Pop fans, meet Jonny | Toronto Star
Duo with grunge and neo-psychedelic roots take their new lighthearted approach to the Drake.
Jonny is band formed by the collaboration between Norman Blake of Teenage Fanclub and Euros Childs from Gorky’s Zygotic Mynci.
Norman Blake and Euros Childs are no Jonny-come-latelies.
Then again, perhaps they are: the principal of Big Star-inspired Glasgow grunge pop tunesmiths Teenage Fanclub and the father of disbanded Welsh neo-psychedelic popsters Gorky’s Zygotic Mynci have combined forces to create Jonny, a songwriting partnership that’s much lighter in nature than Blake and Childs’ other musical concerns.
The duo, making its live North American debut this weekend (Friday and Saturday) at the Drake Hotel, released its self-titled album earlier this year on North Carolina’s Merge label, sporting 13 charming pop and folk-country tunes sun-kissed by Blake and Childs’ inimitable gifts for melody.
While baring their romantic hearts with the unassuming “I Want To Be Around” and the ballad “Never Alone,” the numbers that truly define Jonny’s unique approach are the sillier ones: “Wich Wich,” “Candyfloss,” “Bread” and the 10-minute “Cave Dance.”
“With Teenage Fanclub, we couldn’t really have a song like ‘Cave Dance’ on our records, because it wouldn’t fit,” observes Norman Blake over the line Tuesday from his Kitchener home. “I think probably the same goes for what Euros (pronounced Eros) has been doing on his solo records lately.

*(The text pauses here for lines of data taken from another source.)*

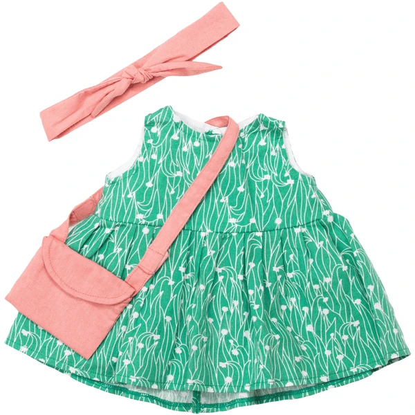 - De set bestaat uit een groen gebloemde jurk, een roze haarband met klittenbandsluiting en een roze handtas.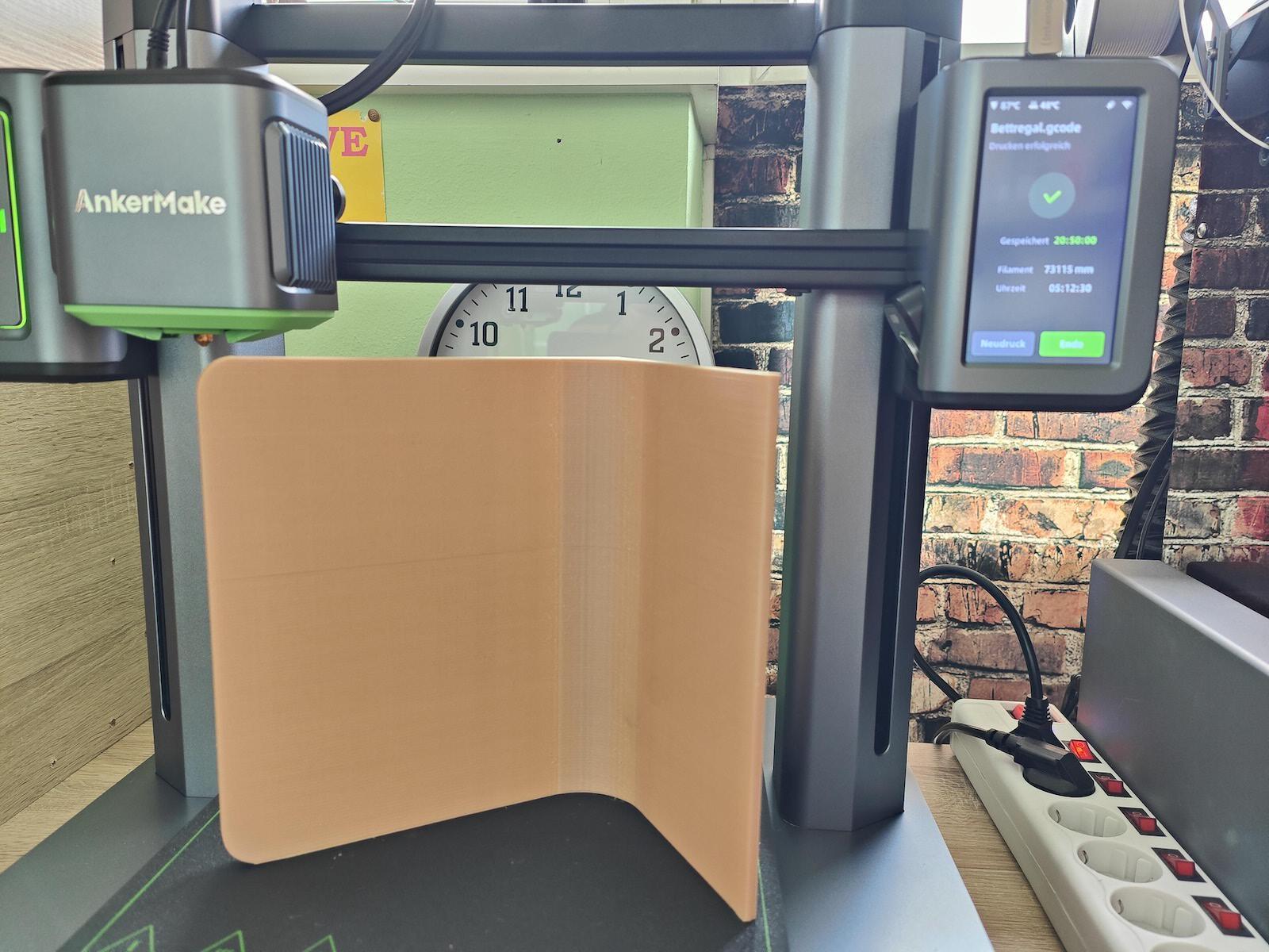Aber zurück zu den Ergebnissen und ein paar meiner Drucke mit dem AnkerMake M5. Die Geschwindigkeit bietet sich natürlich vor allem auch an, wenn man größere Objekte drucken mit weniger Blick auf die Qualität drucken möchte. Gerade dort fällt ein Unterschied von 80mm/s zu 250mm/s absolut ins Gewicht und ist deutlich in der Druckzeit bemerkbar. Ich habe beispielsweise ein kleines Regal für einen Beamer gedruckt, dass ich am Kopfende des Betts einklemme. In dieser Größe würde mich das Regal normalerweise einen Tag Druckzeit kosten. Der M5 hat das souverän in knapp 5 Stunden gedruckt.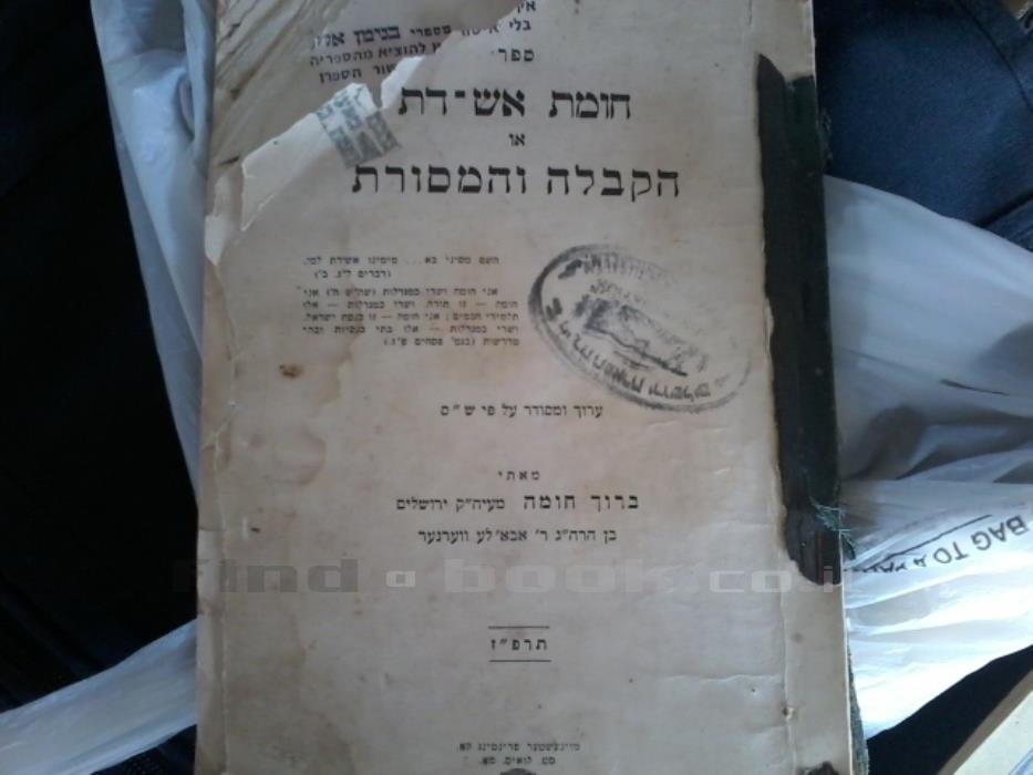 תאור תמונה: שער הספר {חומת אש -דת או הקבלה והמסורת}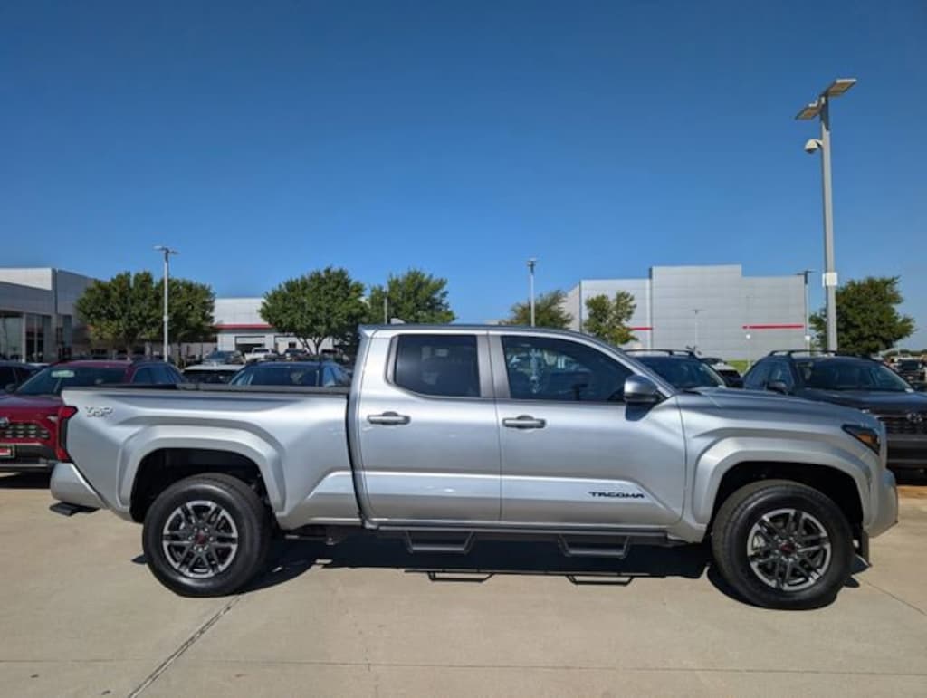 CALL OR TEXT US AT 214-544-8696 | Includes WIRELESS APPLE CARPLAY AND ANDROID AUTO, SATELLITE RADIO AND BLUETOOTH AUDIO STREAMING, AMAZON ALEXA, 2 USB CHARGE-PORTS, TOYOTA SAFETY SENSE, PRE-COLLISION SYSTEM, STAR SAFETY SYSTEM(VSC,TRAC,ABS,EBD,BA,SST), PRE-COLLISION SYSTEM w/ PEDESTRIAN DETECTION, DYNAMIC RADAR CRUISE CONTROL, LANE DEPARTURE ALERT WITH STEERING ASSIST, AUTOMATIC HIGH BEAMS, BLUETOOTH/HANDS FREE CELL PHONE, REAR BACKUP CAMERA, **2 YEARS FREE MAINTENANCE INCLUDED ON ALL NEW TOYOTAS**2025 Toyota Tacoma TRD Sport Silver RWD 8-Speed Automatic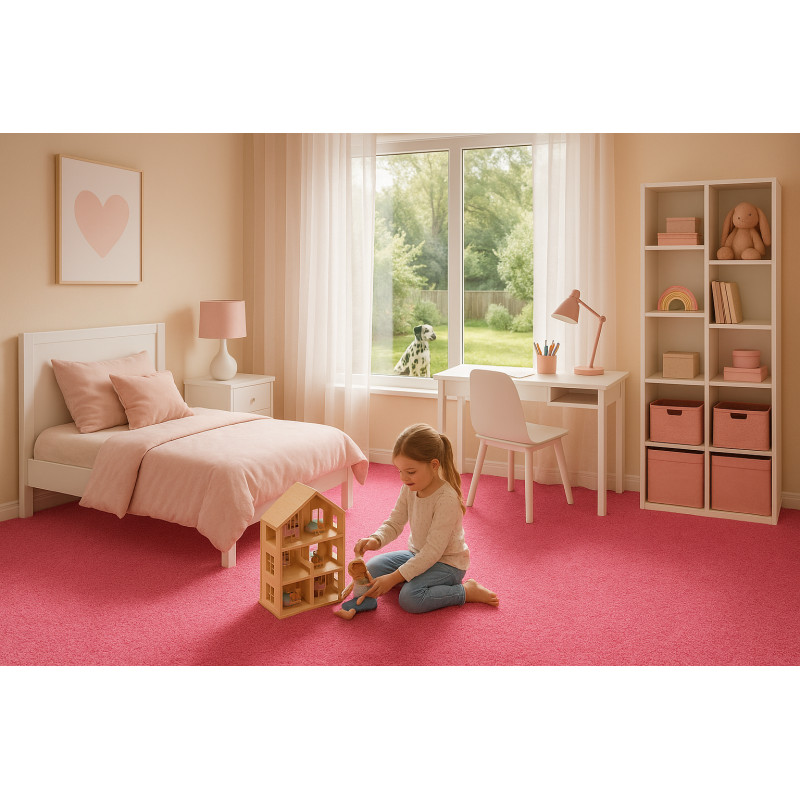 Nádherný metrážový koberec z kolekce Dynasty v dívčí růžové barvě. Tento bytový koberec se střiženým vlasem (saxon) má filcový podklad a hodí se na podlahové vytápění. Koberec je vhodný do středně namáhaných bytových prostor. Díky růžové barvě ho můžete použít jak do obývacího pokoje, tak třeba do dívčího pokojíčku.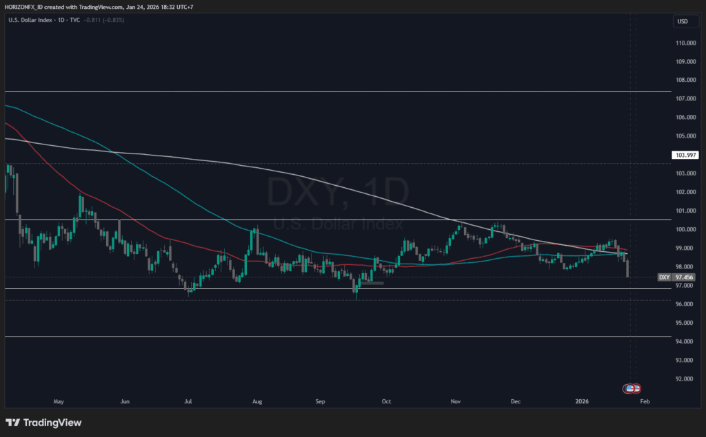 Katalis utama yang menggerakkan pasar pada 24 Januari 2026 ini adalah kombinasi dari ketidakpastian suksesi kepemimpinan di Federal Reserve dan eskalasi retorika diplomatik terkait klaim wilayah strategis. Spekulasi mengenai calon pengganti Jerome Powell, yang dianggap oleh pasar sebagai figur yang lebih “politis” dan rentan terhadap tekanan fiskal dari Gedung Putih di bawah administrasi Trump, telah memicu kekhawatiran akan devaluasi Dolar secara sengaja melalui kebijakan moneter yang terlalu longgar.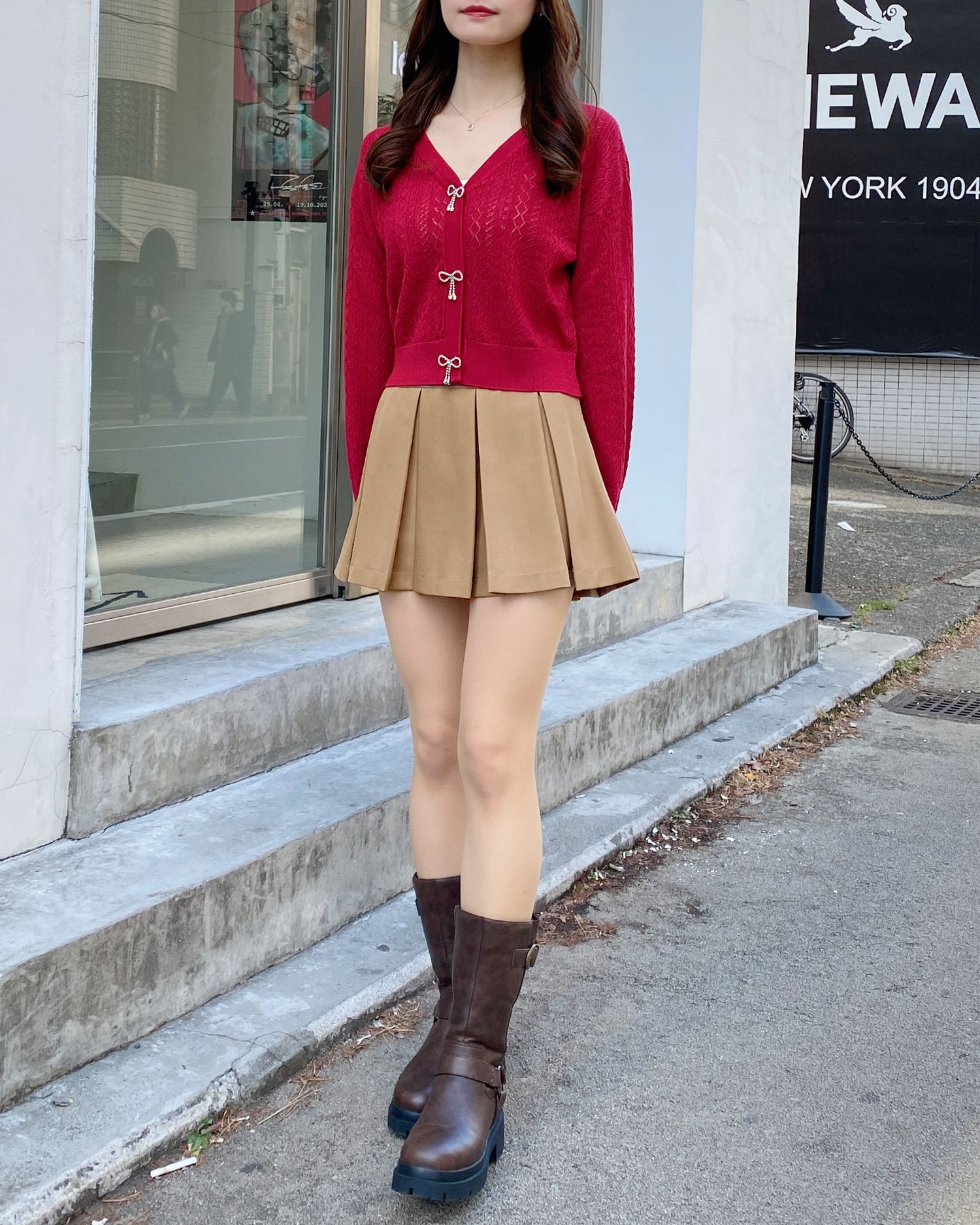 ミニスカートを合わせた王道ガーリーコーデもおすすめ◎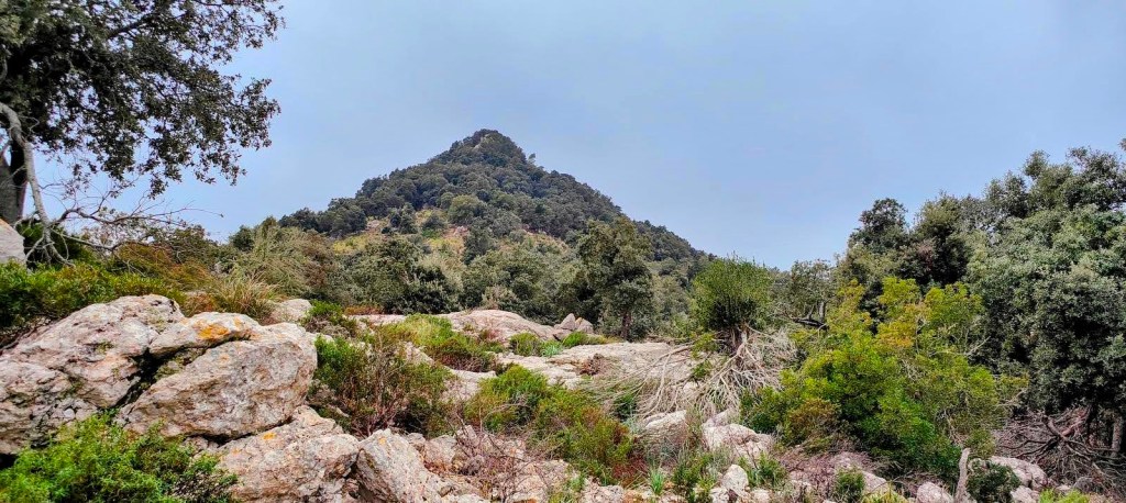 Una vez que hemos disfrutado de esta bella panorámica descendemos por el mismo sitio hasta alcanzar el cruce múltiple. Desde aquí nos dirigimos al camino de carro que por la izquierda conduce a Son Alzines y por la derecha al Pla Pelat. Caminamos unos metros por este camino dirección a Son Alzines hasta el punto donde comienza a descender y luego regresamos para continuar hacia el Pla Pelat. El camino va dibujando una semicircunferencia ofreciéndonos en algunos puntos una bonita estampa de la forma cónica del Puig Montibudell.
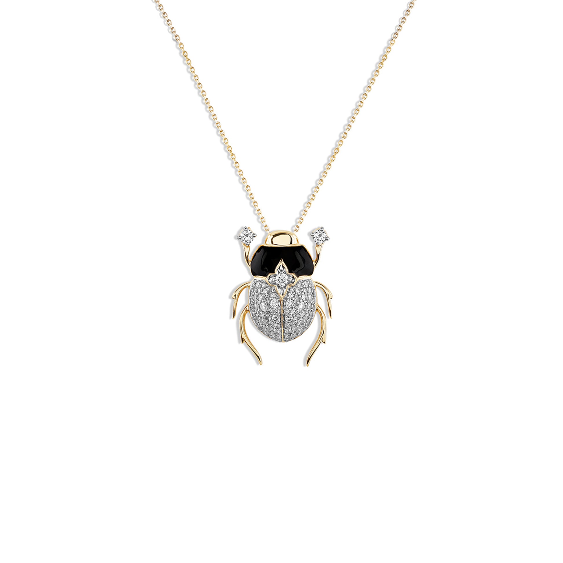 A fusion of mystery and brilliance, the Scarab Crystal Shield Pendant is sculpted in deep black ceramic and lit with a protective shimmer of natural diamonds. Framed in 18kt gold, this pendant is your personal armour of clarity — strong, striking, and soul-bound.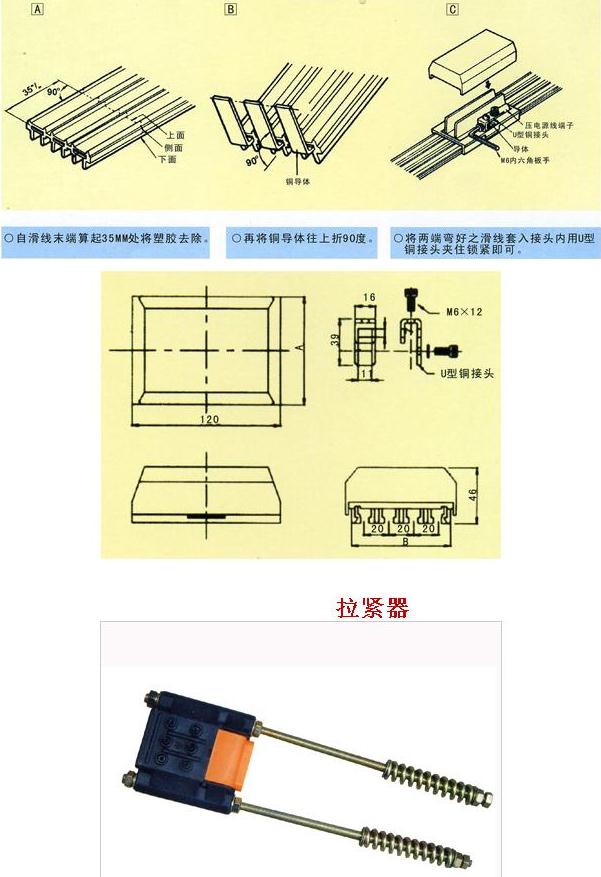 柔性一體式滑觸線是以無氧銅(導(dǎo)電率達99.99%)輸送電源、銅導(dǎo)體之厚度厚(一般標(biāo)準(zhǔn)厚為2.8m/m×10W)、壓降小、導(dǎo)電率倍佳;可根據(jù)用戶的車間長度或用戶的需求來配一條以之相同長度的安全電軌,使整個車間安全配電中間沒有任何接口,真正解決了國產(chǎn)滑觸線因接口多經(jīng)??ㄗ〖娝⒍斐啥搪坊虿荒苓\行的問題。并且適用于曲線、弧形及高低行走的設(shè)計,并且安裝簡便。從而使整套天車工程美觀、整潔又安全。產(chǎn)品有3P、 4P、 6P等規(guī)格,在自動化生產(chǎn)的行列中,絕對是供電系統(tǒng)最佳的選擇。

“Our musical relationship is based on our friendship, and our shared sense of humour.”
Just how far Jonny is willing to go to have fun for its art was established during the recent “Candyfloss” video shoot.
While the song lasts only three minutes, Blake says he and Childs endured the candy cotton-eating contest that dominates the video for five hours. “I don’t think we’ll be able to look at cotton candy ever again. I ate a lifetime’s supply in that one afternoon.”
The Blake-Childs connection was established during the 1997 Teenage Fanclub/Gorky’s Zygotic Mynci U.K. tour.
“Me and Euros just hit it off and became friends,” Blake recalls. “He invited me to come sing and play guitar on a Gorky’s record (2001’s How I Long To Feel That Summer In My Heart). I was invited to join them on tour, so musically we started working together.
“Whenever Euros would be in town doing solo shows, he’d come to our place. It started as recreational writing around the kitchen table with a glass of wine — Euros with a little keyboard and me with a guitar — and we’d just come up with song ideas.”
Blake says the Drake shows, which kick off a 13-date U.S. tour before a Glastonbury appearance, will be intimate.
“It’s basically the two of us grappling with a drum machine that has a mind of its own — it’s very erratic,” Blake admits.
“It’s not a slick show by any means. And hopefully there’s some humour and some good singing when we get it right.”
When he’s not on the road, Blake, 46, is adjusting to his new Kitchener home with his Canadian wife and daughter. The family, which lived in Glasgow for 14 years, has been in Ontario since 2009.
“I’m enjoying it,” says Blake. “We were out this afternoon trying to tidy up the garden in this unbelievable heat. We don’t get this heat in Glasgow. We also don’t get this snow in Glasgow. That was a bit of a shock to the system when I discovered I had to get up in the morning to clear snow.
“But it’s keeping me in shape,” he laughs.